Monday, June 14, 2021
Rwanda Outlaws Political Cartoons and an Opposition Leader Goes Free
By Global Information Network
Published October 5, 2018

Rwanda’s opposition leader Victoire Ingabire speaks to the press after being released from the Nyarugenge prison on September 15, 2018, on the outskirts of Kigali (AFP photo)

The Rwandese government of Paul Kagame has outlawed the drawing of cartoons that portray politicians/leaders in an unflattering manner.

Anyone who draws such a cartoon risks imprisonment of up to two years and a fine of up to Rwf1 million ($1,145). If the cartoon targets a session of parliament or a “top ranking official,” the penalty is doubled.

Media experts say this this is a huge blow to the profession and will greatly hamper their work.


“In the trade of journalism, cartoons are by nature humorous… leaders may perceive them negatively or as humiliating even when they’re not,” Rwanda Journalists Association’s executive secretary Gonza Muganwa told Ignatius Ssuuna of The Associated Press.
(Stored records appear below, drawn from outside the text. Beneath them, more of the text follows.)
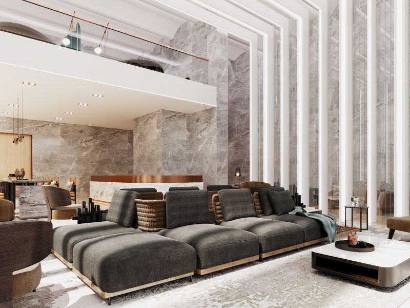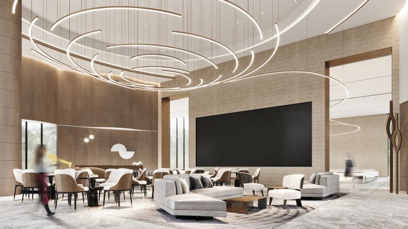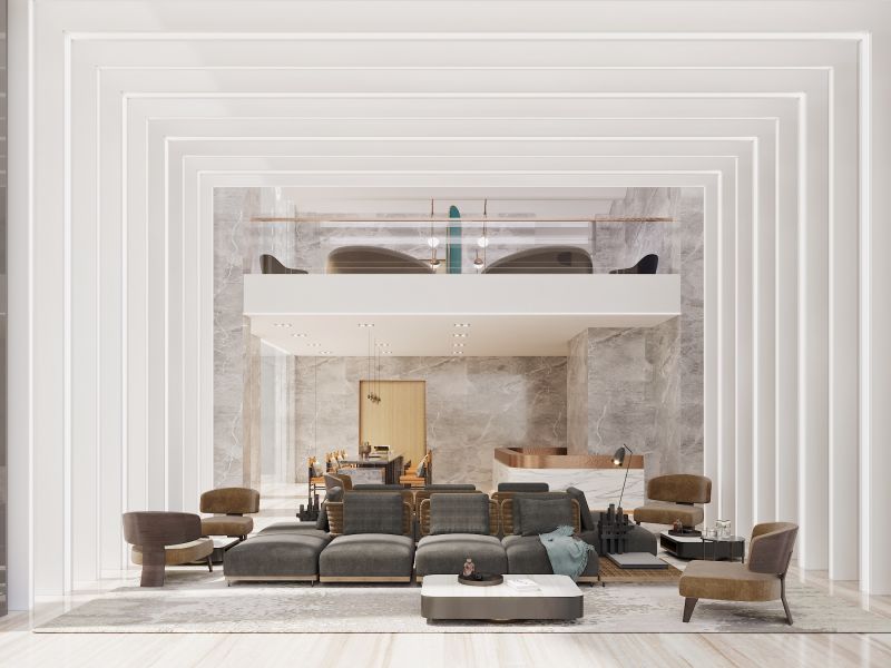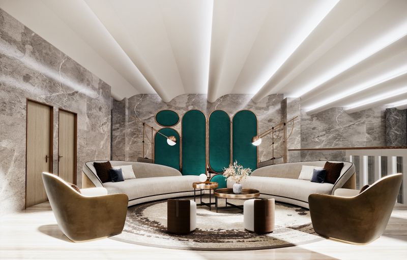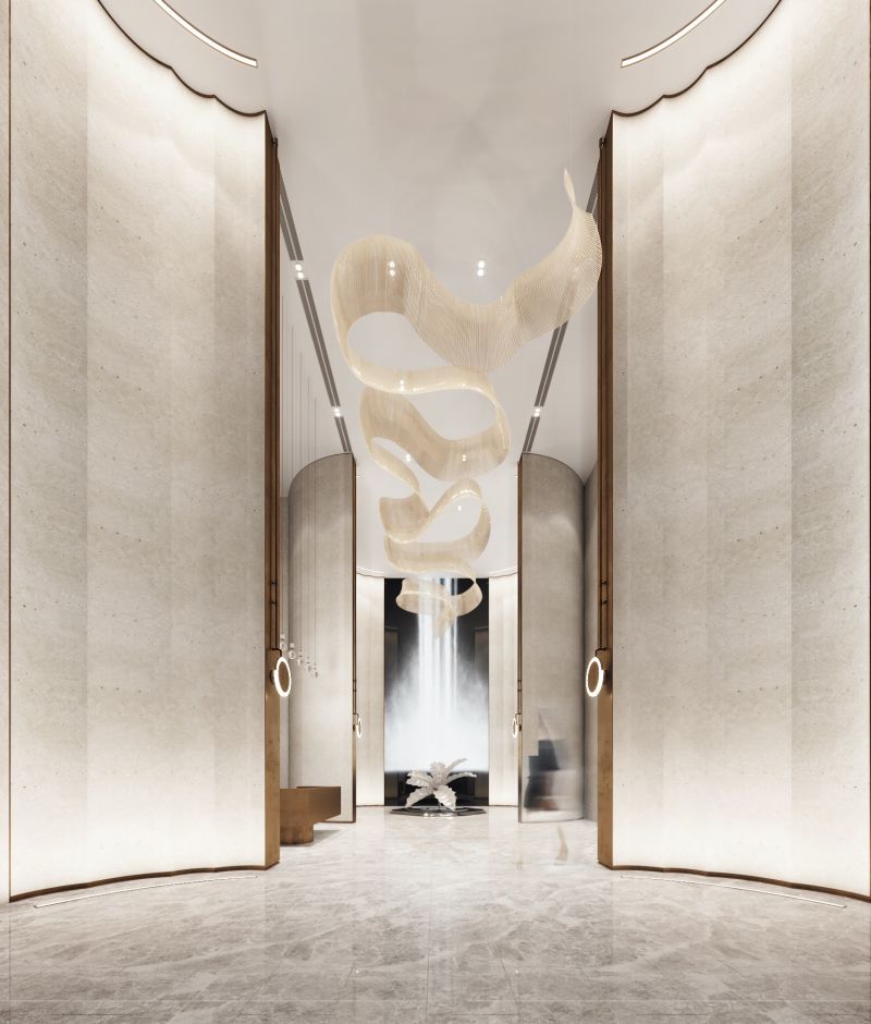 In a gallery-like atmosphere, the rhythmic ribbon is both an artistic guide and a space guide. Taking the ribbon as the clue, the spatial moving line passes through, and the spatial transformation is completed with the traveling streamline.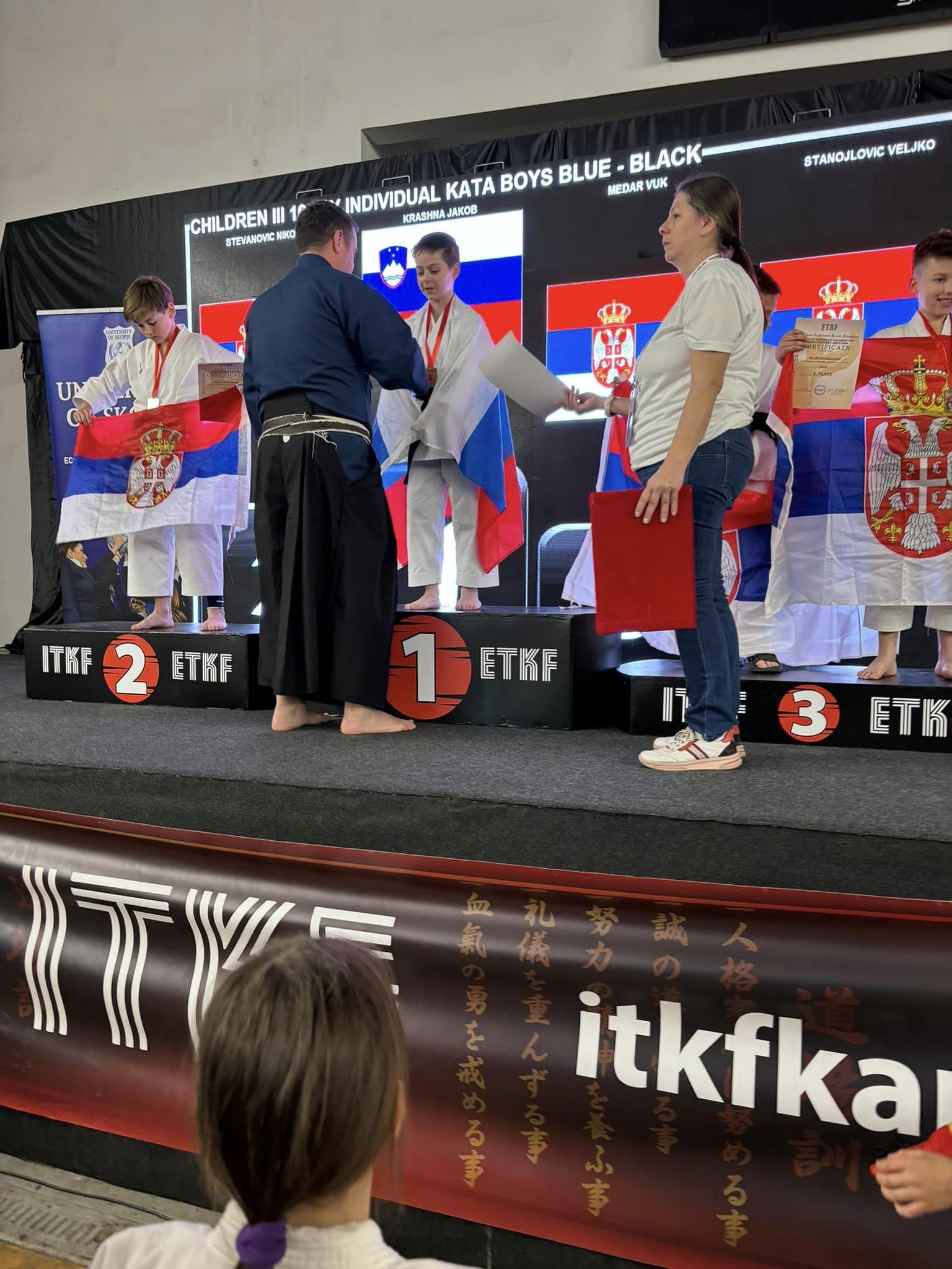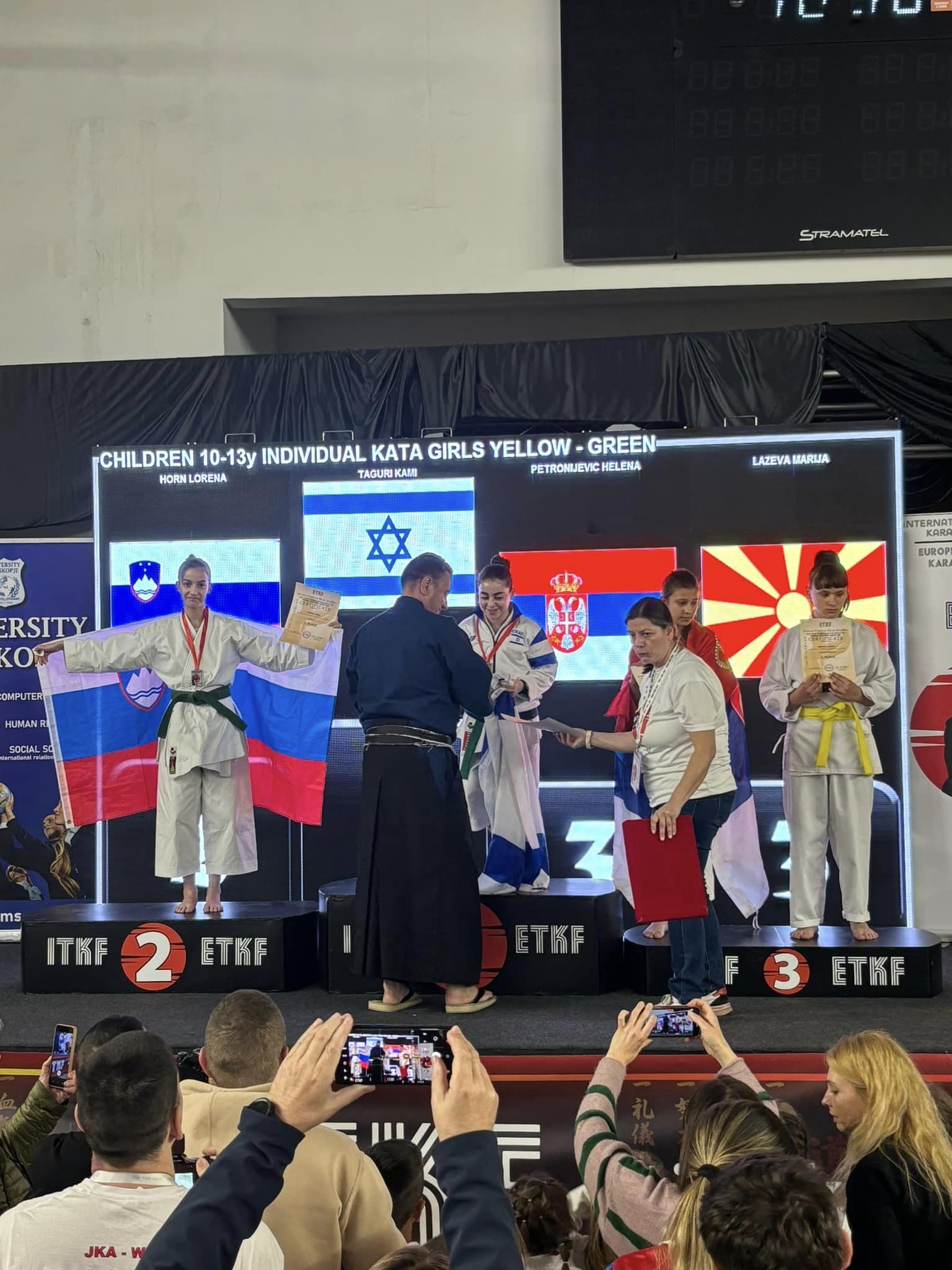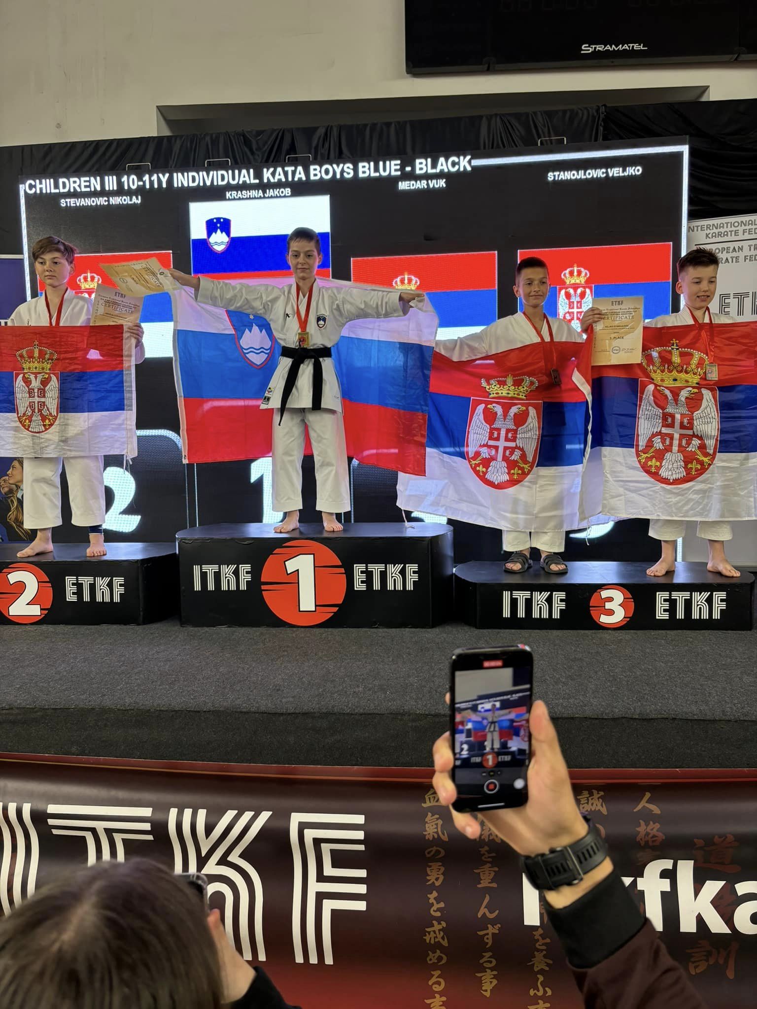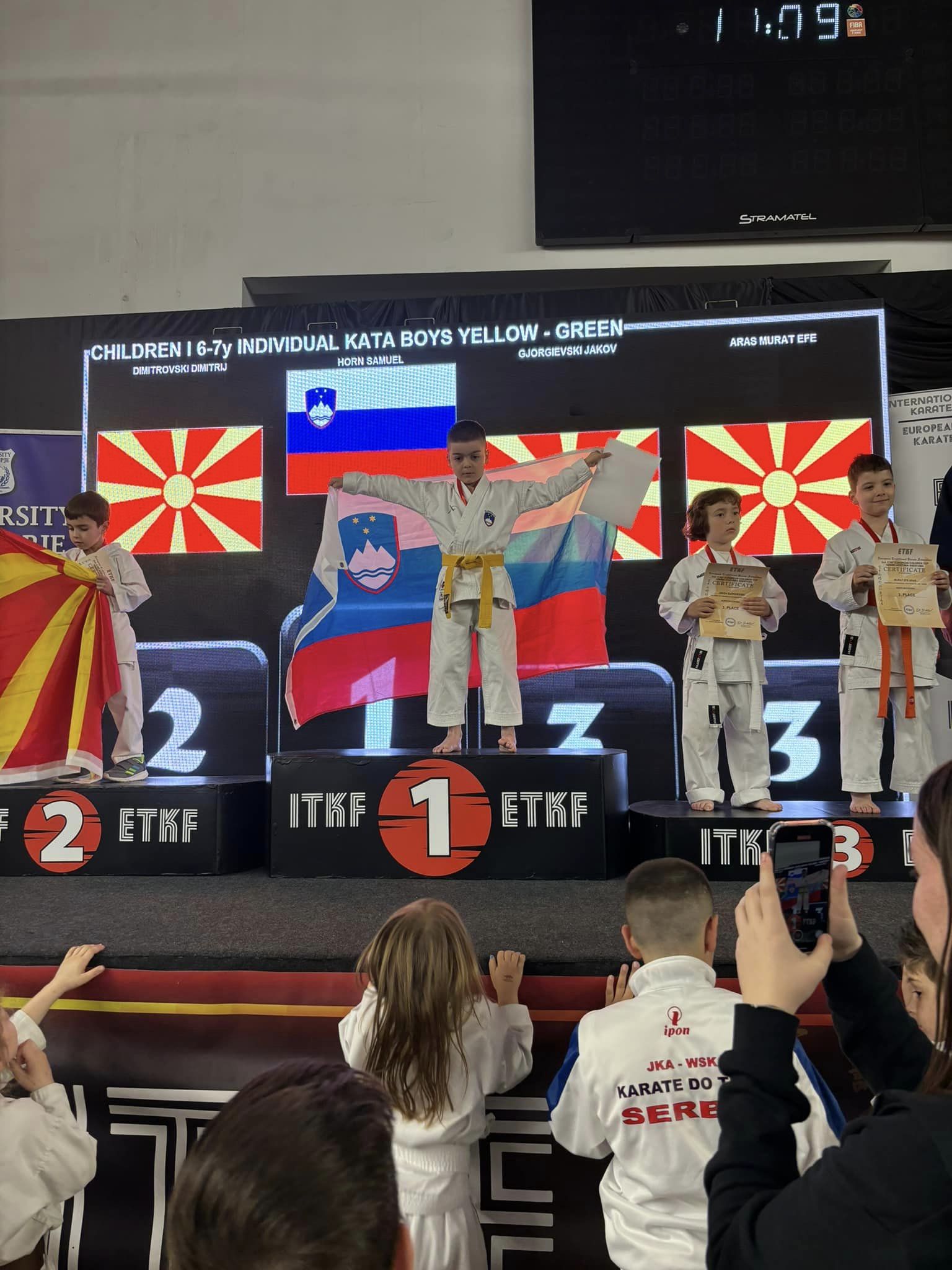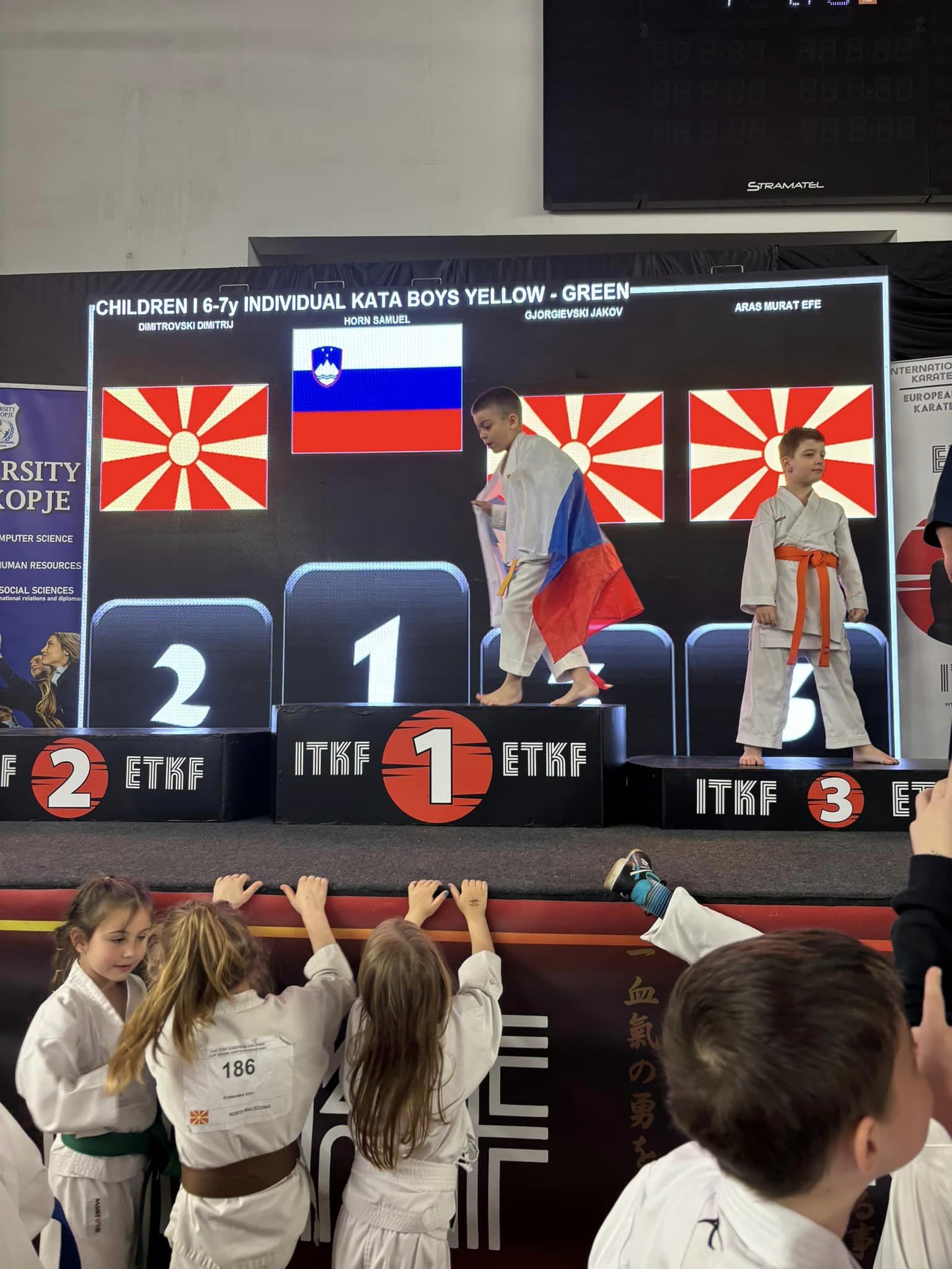 Na evropskem pokalu za otroke, je v soboto kar dvakrat zaigrala slovenska himna. Na najvišjo stopničko je v kategoriji dečkov 6-7 let stopil šestletni Samuel Horn, ki je v treh krogih z oceno 5:0 suvereno premagal vse svoje nasprotnike in zasluženo osvojil 1. mesto.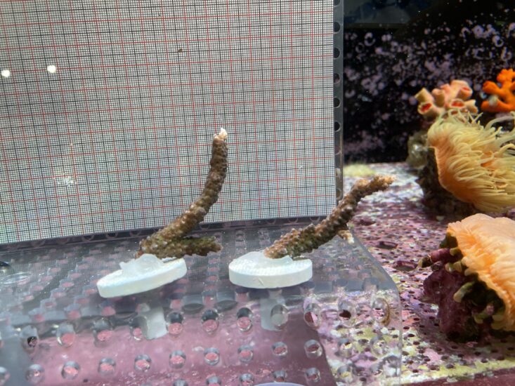 人間がお手伝い: 健康なサンゴのカケラを接着剤で岩に固定して、成長を助ける取り組みが行われているよ 。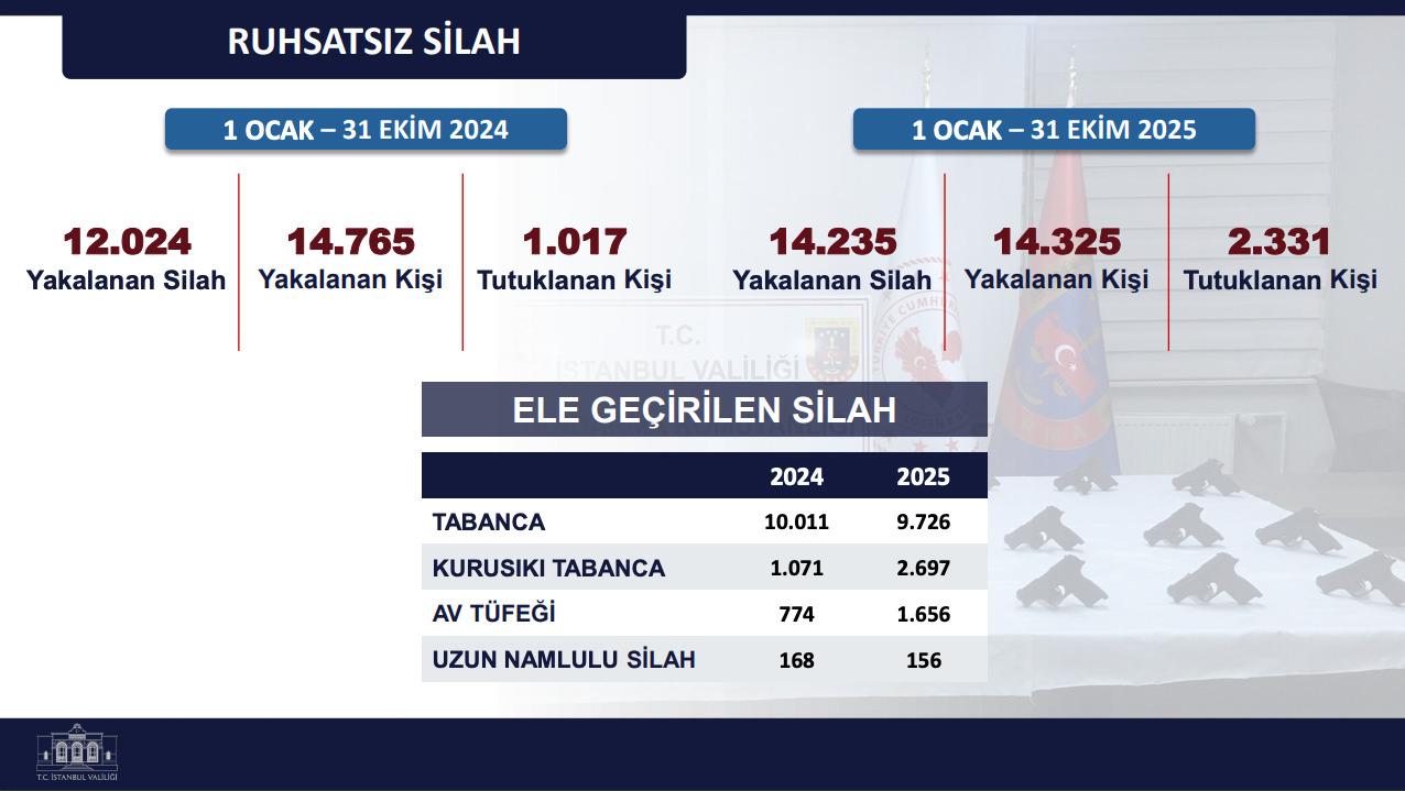Ruhsatsız silahla mücadelede yakalanan silah sayısı yüzde 18,4, tutuklanan şüpheli sayısı yüzde 130 arttı. 2025’in 10 ayında İstanbul’da 14 bin 235 silah ele geçirildi.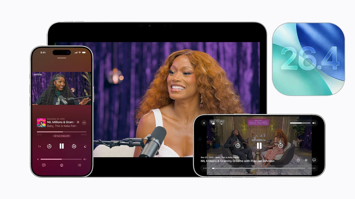 Apple 官方宣佈,Apple Podcasts 將在今年春季引入基於 HLS 技術的全新影片 podcast 方案,用戶可以在同一節目內隨時在「純收聽」與「睇片」之間切換,支援橫向全屏播放及離線下載,並根據網絡自動調整畫質,創作者亦可透過動態插入影片廣告獲利。iOS 26.4、iPadOS 26.4 同 visionOS 26.4 測試版已開放 HLS video podcasts 功能試用,正式版將於春季向所有用戶推出。

Defaming Rwanda’s head of state already was illegal, bringing five to seven years in prison and a fine of $8,140.

Parliament passed the new law last month. It now awaits presidential assent before it becomes official.

In other news from Rwanda, opposition leader Victoire Umuhoza Ingabire has been released from jail after serving six years of a 15 year sentence. She was among 2,000 prisoners who received a pardon from President Kagame. Also freed was popular gospel singer and genocide survivor Kizito Mihigo, jailed in 2015 for plotting to kill President Kagame.

Flanked by her lawyer Gatera Gashabana, she told waiting reporters that her release, together with the election of two opposition parliamentarians earlier this month, were positive signs.

“We want to continue pushing for the opening up of political space and releasing of other political prisoners,” she said, adding that she is not worried should her pardon be revoked.


While thanking President Paul Kagame for her release, Ms. Ingabire said she did not “plead for mercy” but wrote to the president requesting to be freed saying she had committed no crime.

“I would also ask him to release other political prisoners who remain here,” she added.

Ingabire was convicted of inciting revolt against the government and for minimizing the 1994 genocide by including Hutus as victims.

She must report her place of residence to the prosecutor and seek authorization before leaving the country.